In patients with severe mitral regurgitation (MR), low left atrial (LA) reservoir strain (LASr) and prior atrial fibrillation (AFib) intervention or LA appendage (LAA) ligation may predict low invasive LA compliance and limited V-wave reduction after transcatheter mitral valve therapy (TMVT), and low LA compliance may be associated with worse clinical outcomes following the procedure, according to research published Jan. 30 in JACC: Cardiovascular Interventions.

Study authors Ziad Zalaquett, MD, MSc, Samir R. Kapadia, MBBS, FACC, et al., retrospectively analyzed 255 Cleveland Clinic patients (mean age 77; 37% women) who underwent transcatheter edge-to-edge repair (TEER; n=214) or valve-in-valve transcatheter mitral valve replacement (TMVR; n=41) between 2019 and 2023. Of these, 107 (42%) had a compliant LA, defined as a baseline LA mean pressure ≤12 mm Hg with severe MR or a V-wave decreased by ≥50% after MR resolution following TMVT.

Results showed that patients in the noncompliant LA group (n=148; 58%) had more AFib or atrial flutter (74% vs. 51%; p<0.001), prior AFib intervention or LAA ligation (35% vs. 7%; p<0.001) and prior cardiac surgery (53% vs. 34%; p=0.002), as well as lower LA reservoir strain and worse left ventricular global longitudinal strain (p<0.001 for both).

Multivariable analysis found that low LA reservoir strain (odds ratio [OR] 0.89; p=0.001) and prior AFib intervention or LAA ligation (OR 4.27; p=0.009) significantly predicted low invasive LA compliance.

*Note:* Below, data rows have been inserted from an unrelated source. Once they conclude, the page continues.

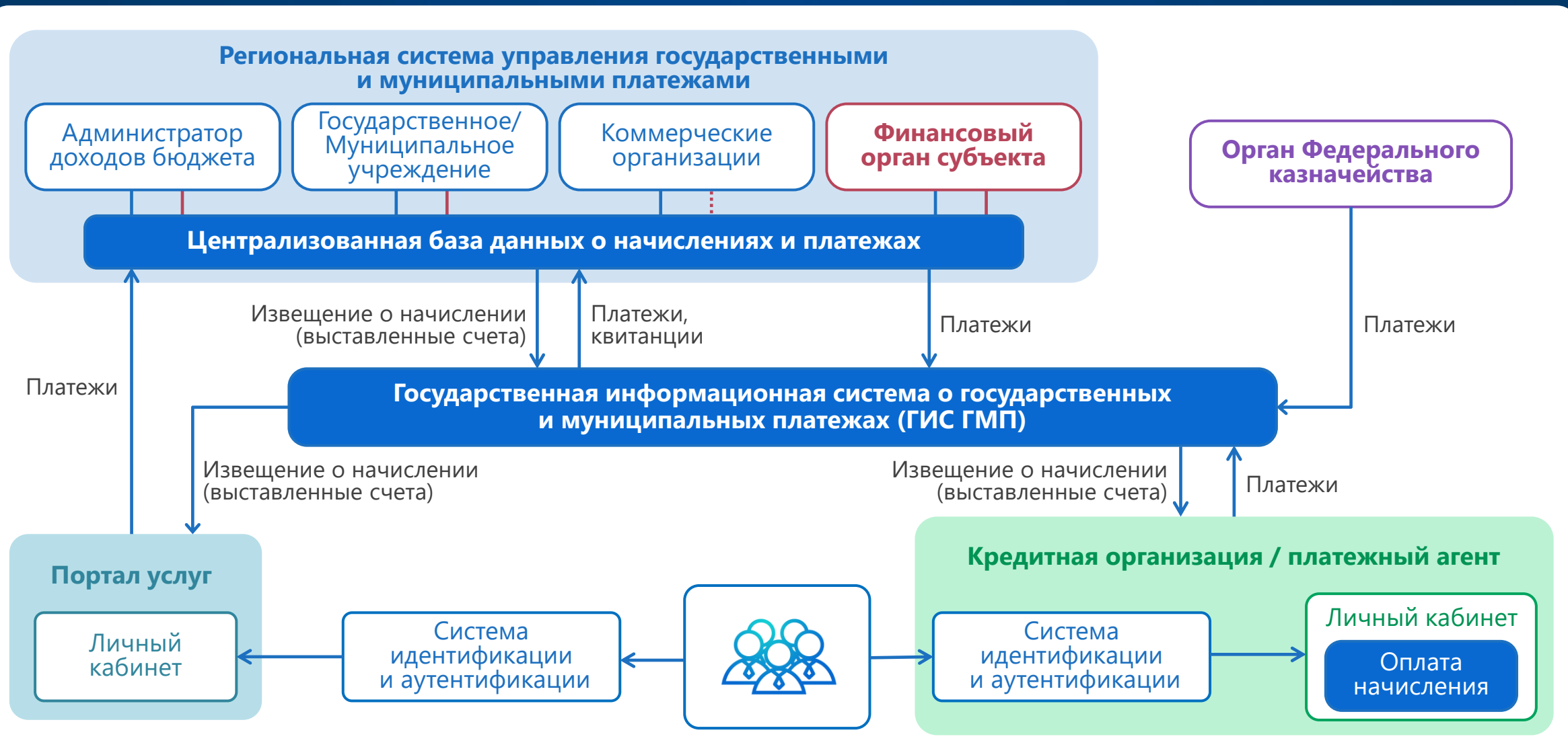
Схема взаимодействия с ГИС ГМП
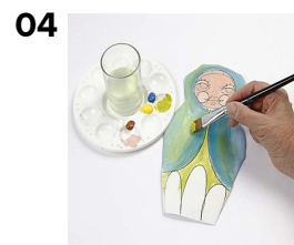
04 Lidt blå i gult giver en flot limefarve.
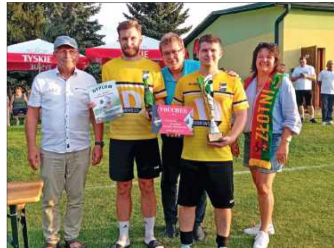
Nagrodzeni też zostali najlepsi zawodnicy turnieju.
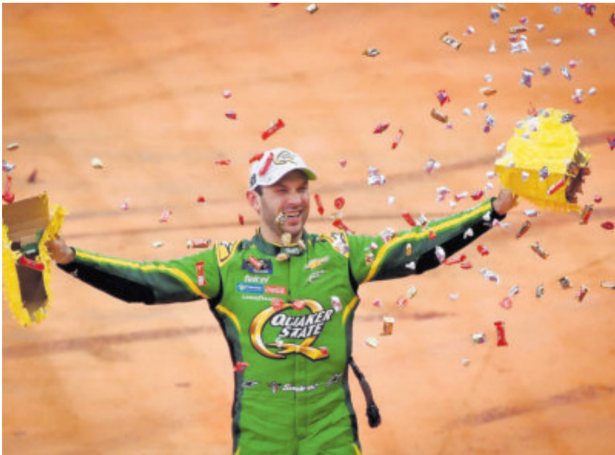
Está listo para despedir una etapa fundamental en su carrera.

“Fue interesante para mí, porque venía de un equipo que era un proyecto en ciernes, pero cuando llegó la pandemia de covid, no funcionó. Básicamente, Trackhouse era un proyecto similar. Yo creí en él enseguida; mi padre y otros no, pero mi instinto me decía que era algo bueno des-
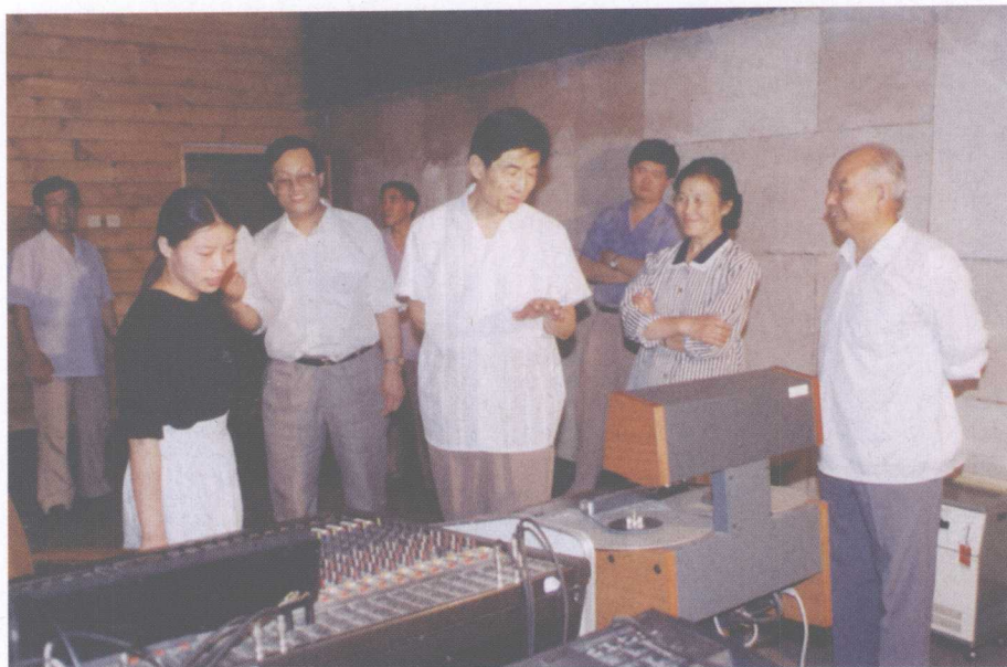
原国家广播电影电视总局局长田聪明（左三）来院视察
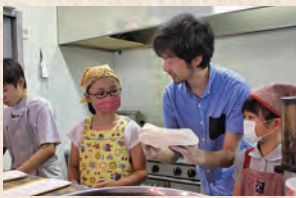
生地からピザ作りに挑戦
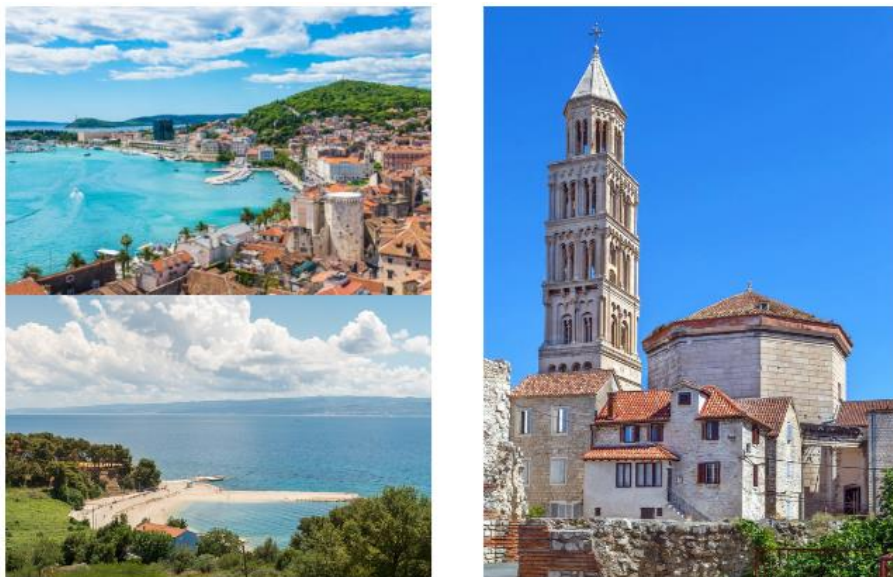
Slika 1 - Prikaz lokacije i pogleda Hotela Pax u Splitu

Predmetno istraživanje provodi se na primjeru Hotela Pax u komunikaciji sa njegovim stručnim osobljem kako je navedeno i prethodno u ovome radu. Hotel Pax je hotel koji se nalazi u Splitu, a za viziju ima: „biti drugi dom zadovoljnim gostima koji se iznova vraćaju u naš hotel.“ Na službenim stranicama hotela vizija je jasno istaknuta i ako se osvrnemo na recenzije predmetnoga hotela, može se reći kako to gosti jako cijene. Obzirom na viziju hotela ovaj hotel bio je izvrsan primjer za provesti istraživanje sa naglaskom na direktnu prodaju obzirom da je i sami kao takvu i poziču. Hotel pruža opuštajući odmor u Classic i Superior sobama uz bogati doručak, besplatan parking i korištenje fitnessa. Recepcija otvorena je 0-24h, a uslužno osoblje je uvijek spremno pomoći savjetom i toplim osmijehom. Hotel Pax se nalazi u idealnom dijelu grada Splita – tik do povijesne jezgre Splita, a opet izdvojen od gradske vreve. Hotel Pax udaljen je svega 250m od plaže Trstenik, i samo 2 km od povijesne jezgre grada.
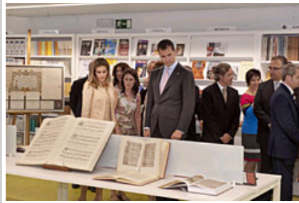
Errege Gontasunak liburutegia-mediatekaren erakusketa bisitatzen.
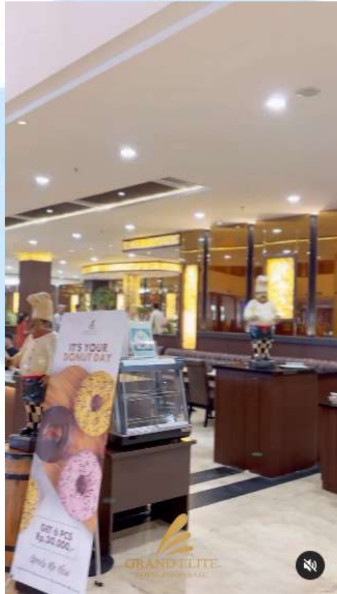
Gambar 2.2 Pepito Restaurant Grand Elite Hotel Pekanbaru

Lokasi Grand Elite Hotel Pekanbaru yang strategis memungkinkan tamu untuk mengunjungi berbagai tempat wisata dengan lebih mudah. Beberapa tempat yang bisa dikunjungi oleh para wisatawan yang menginap di Grand Elite Hotel Pekanbaru adalah Mall Ciputra Seraya, salah satu pusat perbelanjaan terbesar di Pekanbaru yang menawarkan berbagai macam toko, restoran, dan hiburan. Selain itu, para tamu juga dapat mengunjungi Museum Sang Nila Utama, yang menyajikan koleksi seni dan artefak budaya Riau dan dapat memberikan wawasan mendalam tentang sejarah dan tradisi daerah Riau. Tidak jauh dari hotel, juga terdapat Taman Rekreasi Alam Mayang yang merupakan destinasi populer untuk bersantai dengan pemandangan alam yang indah dan berbagai fasilitas rekreasi. Bagi yang tertarik dengan wisata religi, Masjid Agung An-Nur yang megah dengan arsitektur khasnya bisa menjadi pilihan yang menarik. Dengan semua destinasi menarik ini dalam jarak yang dekat, menginap di Grand Elite Hotel Pekanbaru memberikan kemudahan dan kenyamanan bagi wisatawan untuk menjelajahi keindahan kota ini.
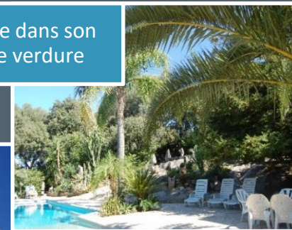
La Piscine dans son écrin de verdure

m 2 , vous pourrez profiter de la grande piscine familiale et de ses abords ombragés.
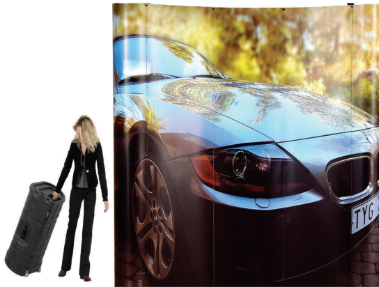
Fuar Tanıtım Standları

JACC Central Illustration describing left atrial compliance during transcatheter mitral valve therapy.

Noncompliance was also significantly more common in TMVR patients vs. TEER (81% vs. 54%; p=0.001). Those in the noncompliance group also tended to be younger with higher BMI and prevalence of hypertension.

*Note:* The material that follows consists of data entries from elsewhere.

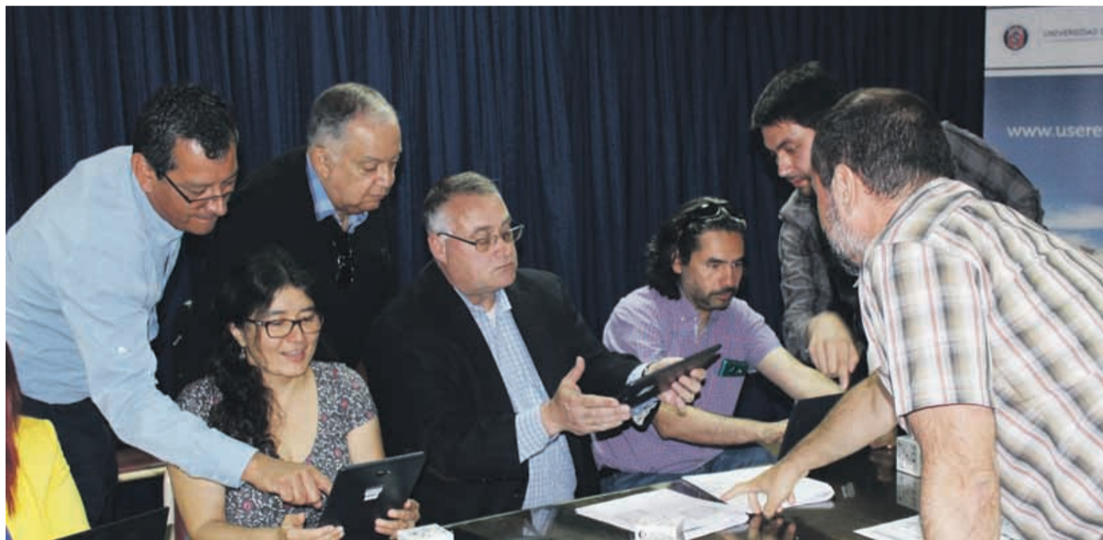
El reconocido académico estadounidense visitó el laboratorio de la ULS para conocer más sobre las aplicaciones móviles usadas en la enseñanza de áreas como la biología

muy buenas porque no sólo se aprenden ciencias desde un libro sino que ahora lo puedes hacer desde un teléfono, tablet, computador y hay mucho más acceso para poder desarrollar este conocimiento. Eso es algo que la NSTA está tomando en consideración y es muy importante para nosotros, la creación de las apps para mejorar la educación científica”, acotó.
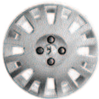
Embellecedor Sketch 15"
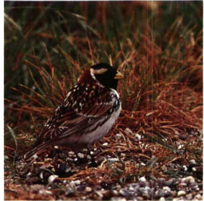
103 IJsgors Calcarius lapponicus , Putten bij Camperduin, Noordholland, juni 1989 (Hans Roersma)

lanceolatus bij Wageningen Gld op 10 en 11 mei werd korte tijd voor een Rosse Spotlijster Toxostoma rufum gehouden. Een Buidelmees Remiz pendulinus die op 30 april bij Schulen werd gecontroleerd bleek het vorig najaar als eerstejaars geringd te zijn bij Lier. Roodkopklauwieren Lanius senator waren er op 1 mei bij Blokkersdijk, op 10 mei bij Goudriaan, op 14 juni in het NP De Hoge Veluwe Gld en op 18 juni op Vlieland Fr. Een mogelijke Pallas' Roodmus Carpodacus roseus werd kort gezien bij Groningen. Van 18 mei tot in juni konden op enkele plaatsen in de Flevopolder weer Roodmussen C erythrinus waargenomen worden. Waarnemingen elders betreffen die van Texel op 21 en 27 mei, Den Helder
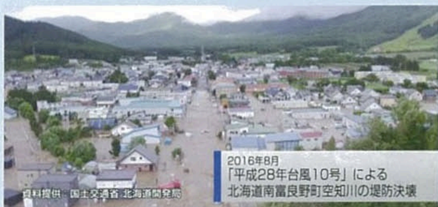
2016年8月 「平成28年台風10号」による 北海道南富良野町空知川の堤防決壊
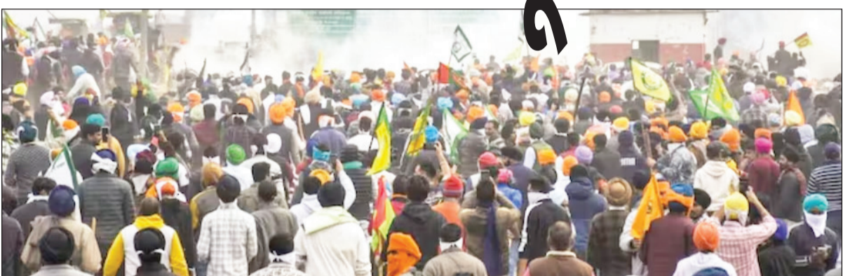
ખેડૂતોએ શરૂ કરેલા આંદોલનને પગલે દિલ્હી-નોઈડા બોર્ડર સીલ: આંદોલનકારી ખેડૂતોને રોકવા દિલ્હી પોલીસે જારી કરેલી એડવાઈઝરી

નવી દિલ્હી, તા.૦૨ સંયુક્ત કિસાન મોરચાના નેજા હેઠળ આજે હજારો ખેડૂતો દિલ્હી તરફ કૂચ કરશે. એક દિવસ પહેલાં ખેડૂતો અને વહીવટીતંત્ર વચ્ચે ઉચ્ચ સ્તરીય બેઠક યોજાઈ હતી. રવિવારે જ્યારે માંગણીઓ પર કોઈ સહમતિ ન બની ત્યારે તેમણે 'ચલો દિલ્હી'ના નારા લગાવ્યા હતા. ખેડૂતો હવે સંસદનો ઘેરાવ કરવા માંગે છે. આંદોલનકારી ખેડૂત સંગઠનો જમીન સંપાદનથી પ્રભાવિત ખેડૂતોને 10 ટકા વિકસિત પ્લોટ અને નવા જમીન સંપાદન કાયદાના લાભની માંગ કરી રહ્યા છે. હાલમાં ખેડૂતોની જાહેરાત બાદ નોંધણી અને દિલ્હી પોલીસ સતર્ક થઈ ગઈ છે અને બોર્ડર પર તકેદારી રાખવામાં આવી રહી છે. નોંધણી અને આવેલી તમામ બોર્ડર પર બેરિકેડિંગ કરવામાં આવ્યું છે. નોંધણી અને દિલ્હી પોલીસે સંકલન સ્થાપિત કર્યું છે. મેટ્રોનો ઉપયોગ કરવાની સલાહ આપવામાં આવી છે. ખેડૂતોનું કહેવું છે કે નવા જમીન સંપાદન કાયદા મુજબ 1 જાન્યુઆરી 2014 પછી સંપાદિત થયેલી જમીન માટે ચાર ગણું વળતર મળવું જોઈએ. ગૌતમ બુદ્ધ નગરમાં છેલ્લા 10 વર્ષથી સર્કલના દરમાં વધારો કરવામાં આવ્યો નથી. નવા જમીન સંપાદન કાયદાનો લાભ જિલ્લામાં લાગુ થવો જોઈએ. ખેડૂતો ઈચ્છે છે કે જમીન
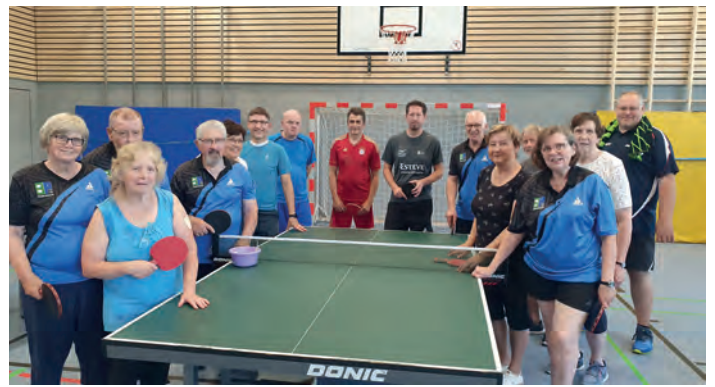
Ping Pong Parkinson hat hier viele Fans, Foto: InduS, Kreissportbund Emsland
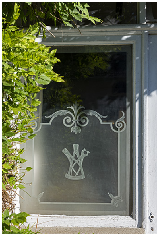
Bâtiment au 8 Grande Rue : fenêtre ornée d'un dessin de pinces gravé sur le verre. 25, Montécheroux

Additionally, those in the noncompliant group had significantly higher risk of the composite outcome of heart failure hospitalization and mortality at one year compared with the compliant group (hazard ratio 0.45; p=0.02).

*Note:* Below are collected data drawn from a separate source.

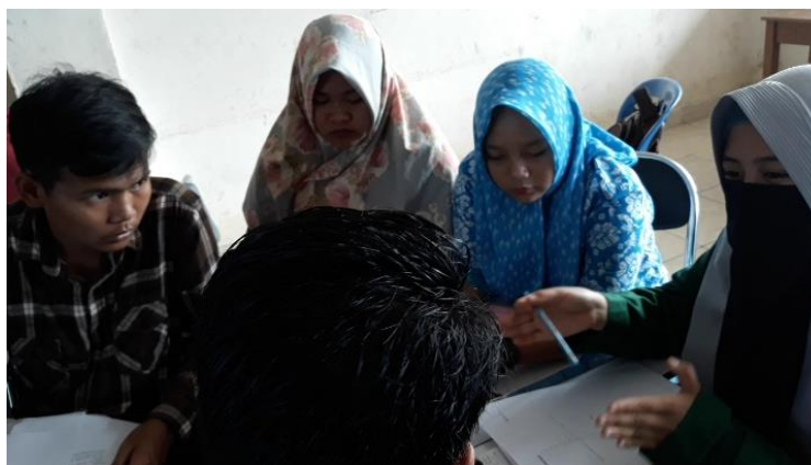
Gambar 6. Percakapan dalam Menyelesaikan LKM

Pada LKM yang ketiga, mahasiswa menyelesaikan permasalahan mengenai cara membuat grafik fungsi akar dalam bentuk y = \sqrt[n]{ax + b} . Langkah-langkah yang dilakukan sama seperti pada kedua LKM sebelumnya. Pada kegiatan mengamati, mahasiswa mengamati grafik fungsi akar dengan point tables yang ada pada software graphmatica . Dalam hal ini, terjadi percakapan antara sesama mahasiswa dan dosen seperti gambar 6 berikut.
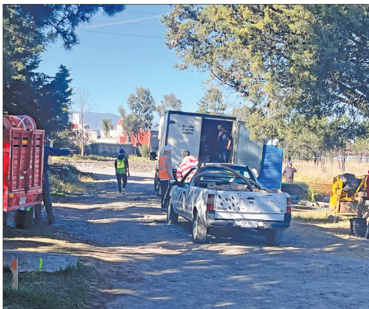
◀ La obra fue suspendida por supervisión del Instituto Nacional de Antropología e Historia (INAH) por hallazgos de vestigios arqueológicos, además del daño a la flora y fauna del Parque Sierra Morelos, en Toluca.

Pese a inspecciones del INAH, la construcción del Centro de Bienestar Animal se llevó a cabo durante varias semanas; no hay propuestas de reubicación
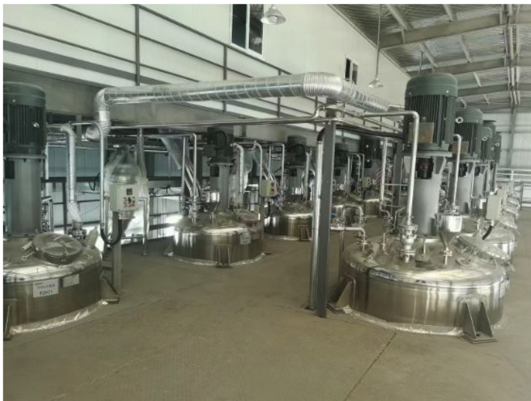
▲安徽某客户项目安装调试现场
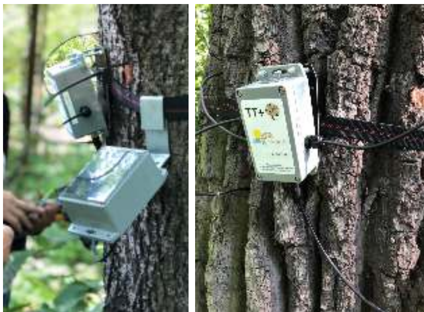
Рис. 1. Устройства мониторинга Tree Talker, установленные на стволе дерева в Ботаническом саду СПбГЛТУ (слева) и Летнем саду (справа)

Fig. 1. Tree Talker monitoring devices installed on a tree trunk in the Botanical Garden of St. Petersburg State Forest Technical University (left) and the Summer Garden (right)

“The invasive assessment of LA compliance … is not practical in routine clinical settings, highlighting the need for reliable noninvasive markers,” write Zalaquett, et al. “These findings confirm the multifactorial nature of LA hemodynamic status and support the use of these noninvasive markers of LA compliance to enhance patient selection and improve risk stratification and procedural expectations.”